### Directions for this task
Take the line containing "张杜江、阳艺、潘存喜、杨宗霖" and every line after it to the end of the records, and copy them exactly, excluding pictures.

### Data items
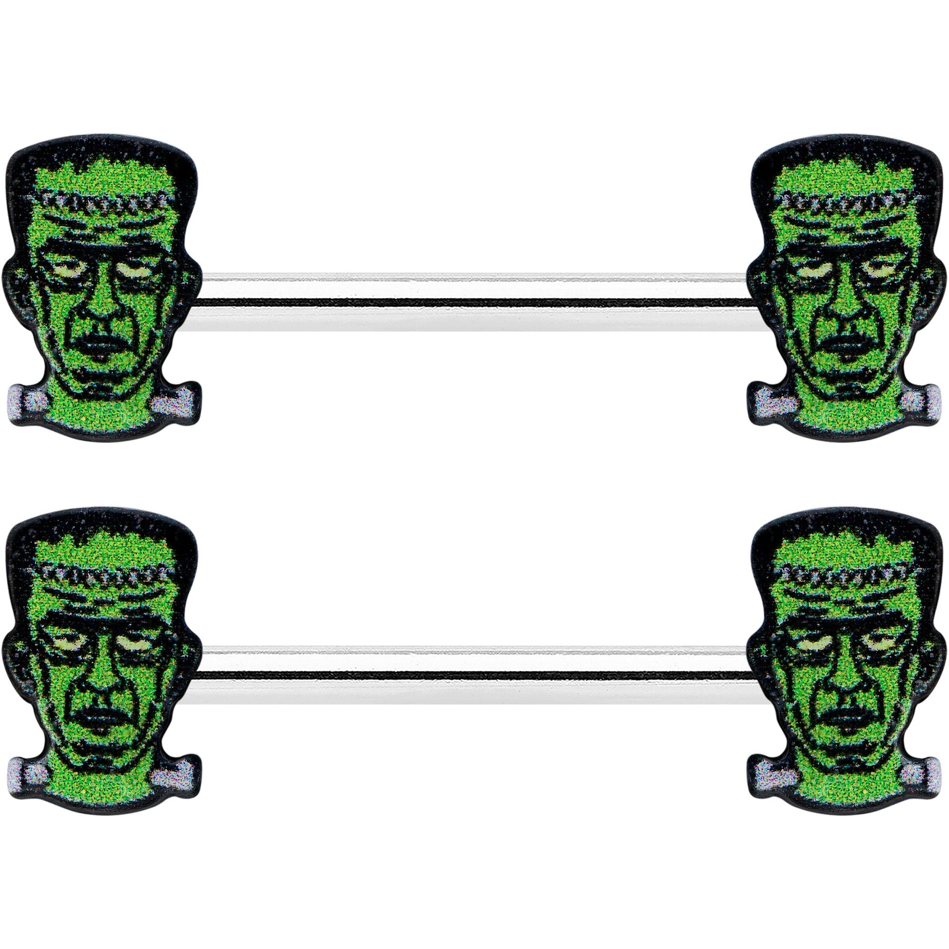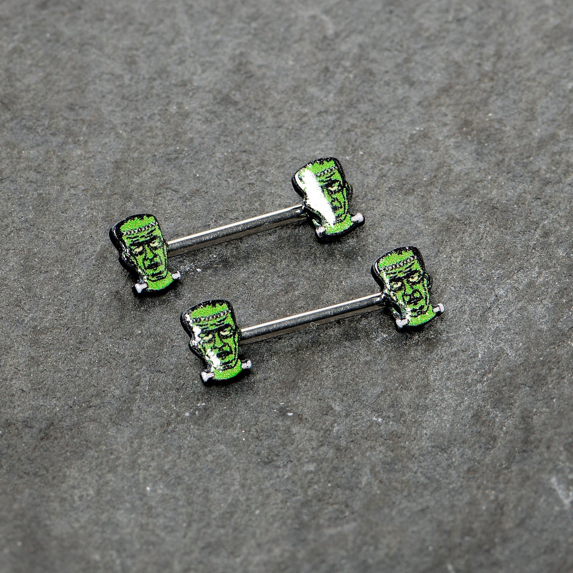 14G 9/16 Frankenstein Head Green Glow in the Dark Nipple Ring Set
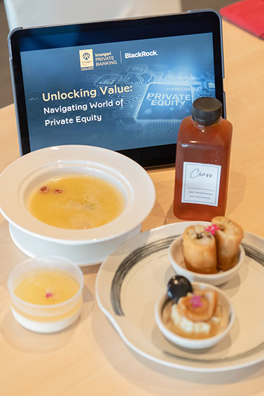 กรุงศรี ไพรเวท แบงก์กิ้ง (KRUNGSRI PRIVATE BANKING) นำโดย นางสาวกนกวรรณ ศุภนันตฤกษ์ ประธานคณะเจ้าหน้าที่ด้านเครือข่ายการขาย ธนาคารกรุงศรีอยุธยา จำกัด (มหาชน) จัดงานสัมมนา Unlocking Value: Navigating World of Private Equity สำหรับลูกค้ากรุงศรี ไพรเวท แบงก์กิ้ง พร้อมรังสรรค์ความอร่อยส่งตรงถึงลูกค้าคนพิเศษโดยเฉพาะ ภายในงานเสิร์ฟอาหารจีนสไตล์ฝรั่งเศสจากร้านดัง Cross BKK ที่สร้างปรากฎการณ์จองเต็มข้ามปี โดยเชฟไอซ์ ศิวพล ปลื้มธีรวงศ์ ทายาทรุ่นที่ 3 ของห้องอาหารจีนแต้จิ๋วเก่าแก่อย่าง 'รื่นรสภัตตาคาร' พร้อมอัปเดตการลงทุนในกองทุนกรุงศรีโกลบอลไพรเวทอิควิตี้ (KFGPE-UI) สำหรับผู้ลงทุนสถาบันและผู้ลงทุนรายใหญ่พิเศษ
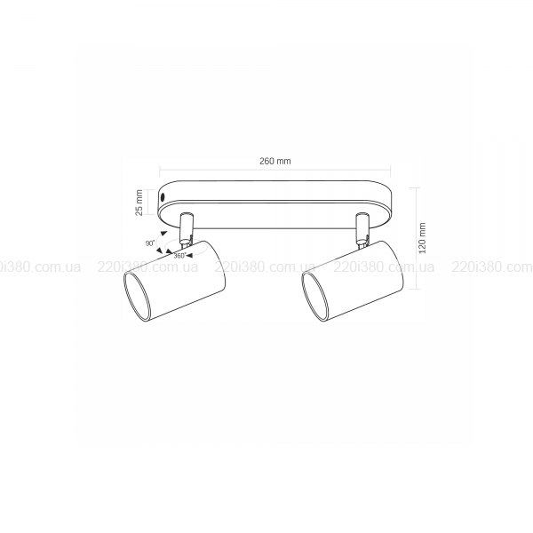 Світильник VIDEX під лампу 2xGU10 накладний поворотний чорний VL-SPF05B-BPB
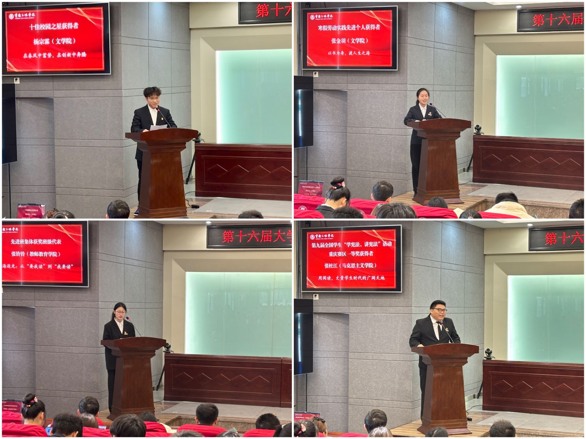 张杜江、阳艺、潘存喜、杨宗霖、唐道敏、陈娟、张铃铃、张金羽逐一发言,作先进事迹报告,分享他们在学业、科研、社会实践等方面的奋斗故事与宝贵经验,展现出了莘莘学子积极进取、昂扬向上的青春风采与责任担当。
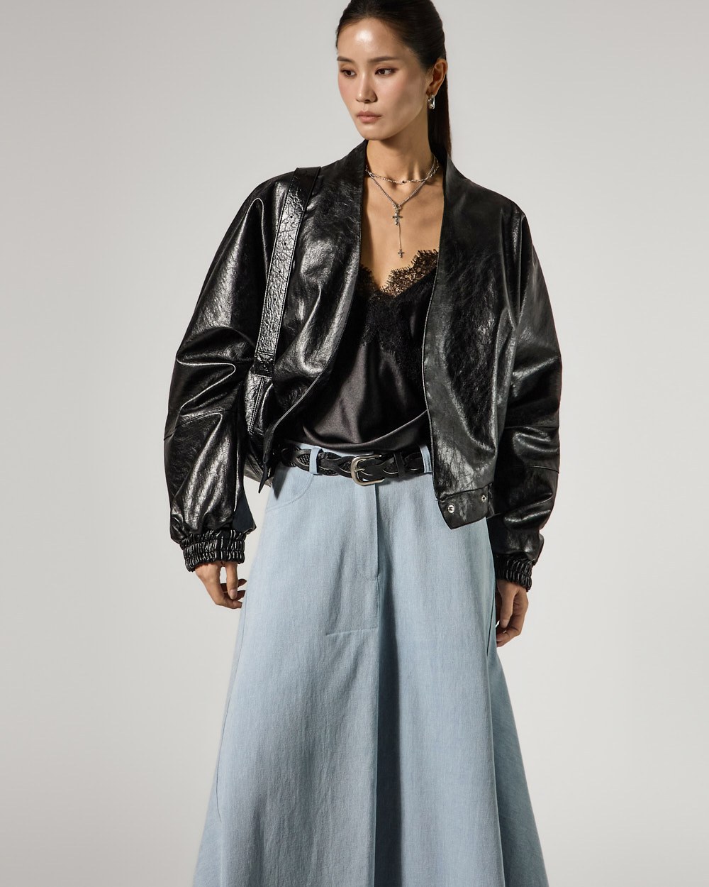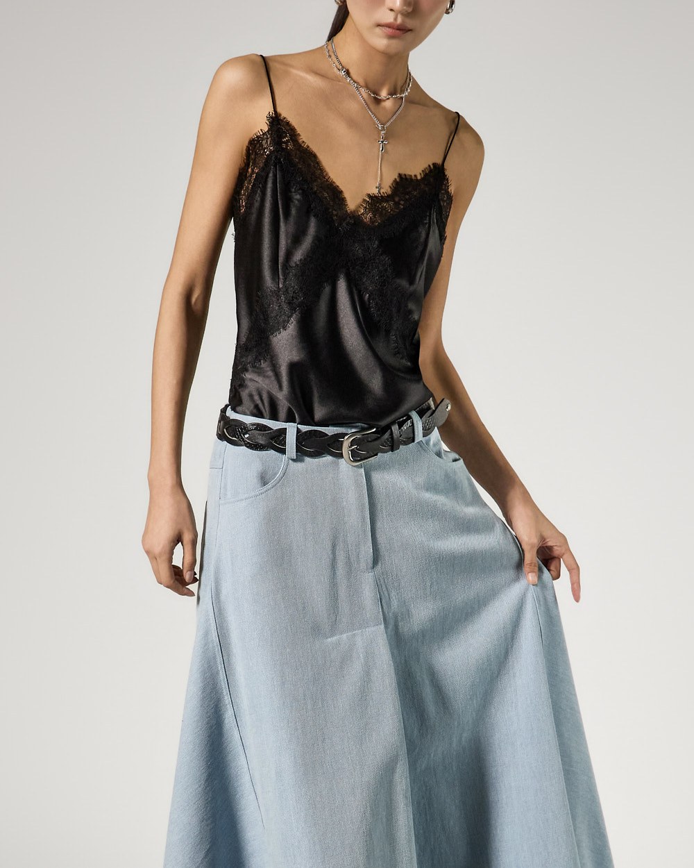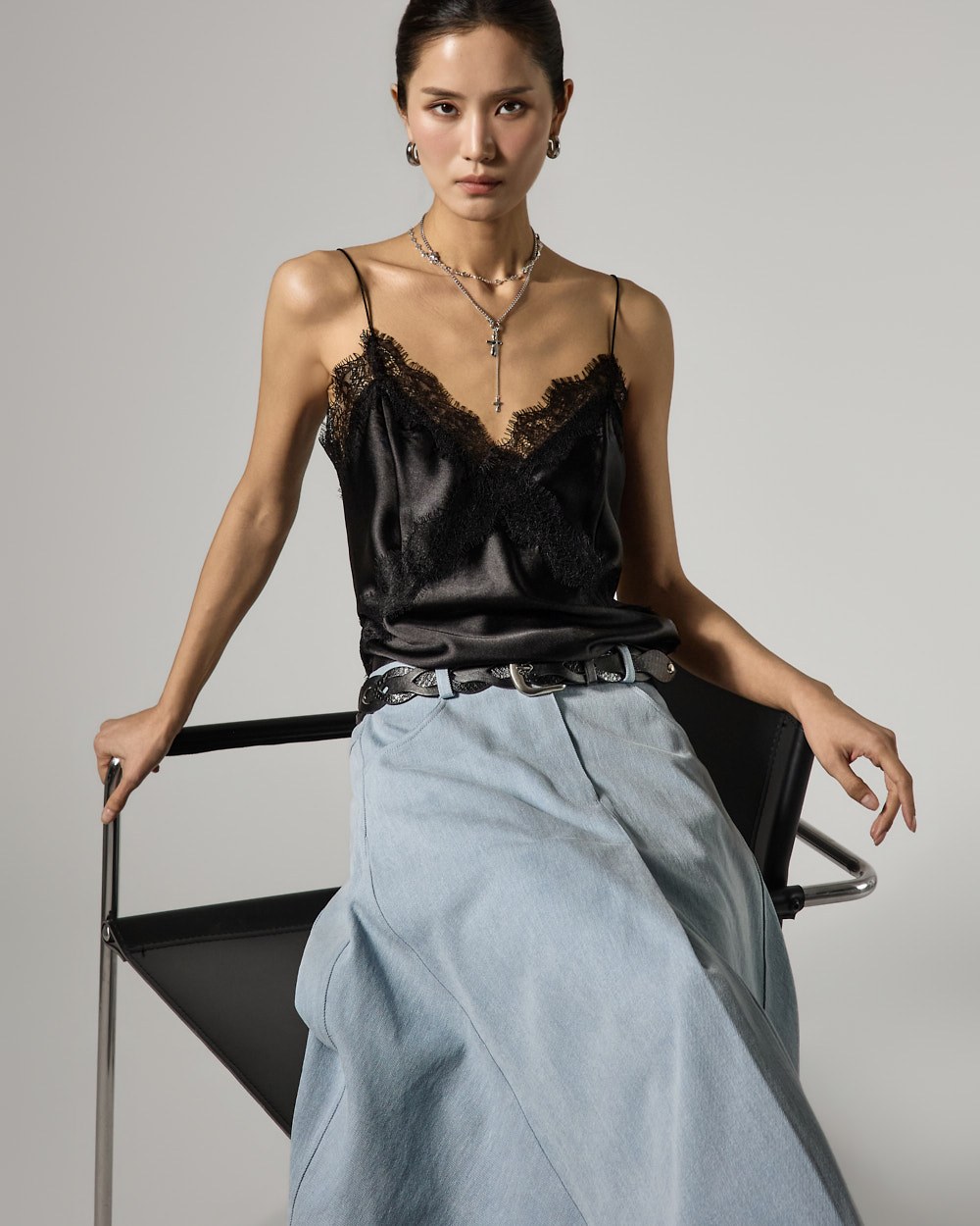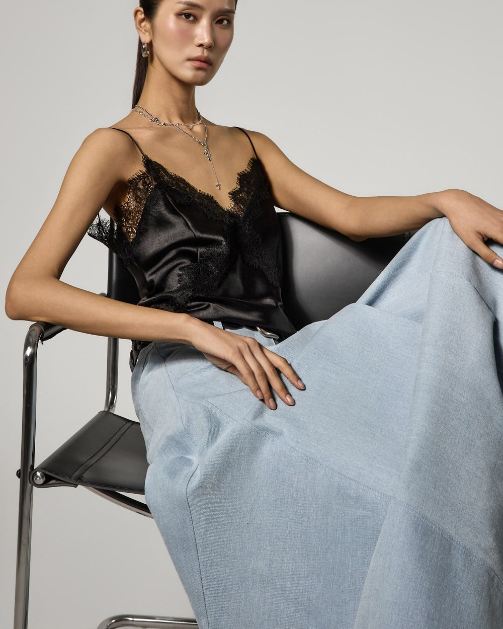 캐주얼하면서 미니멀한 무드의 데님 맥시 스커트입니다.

### Response
 张杜江、阳艺、潘存喜、杨宗霖、唐道敏、陈娟、张铃铃、张金羽逐一发言,作先进事迹报告,分享他们在学业、科研、社会实践等方面的奋斗故事与宝贵经验,展现出了莘莘学子积极进取、昂扬向上的青春风采与责任担当。
 캐주얼하면서 미니멀한 무드의 데님 맥시 스커트입니다.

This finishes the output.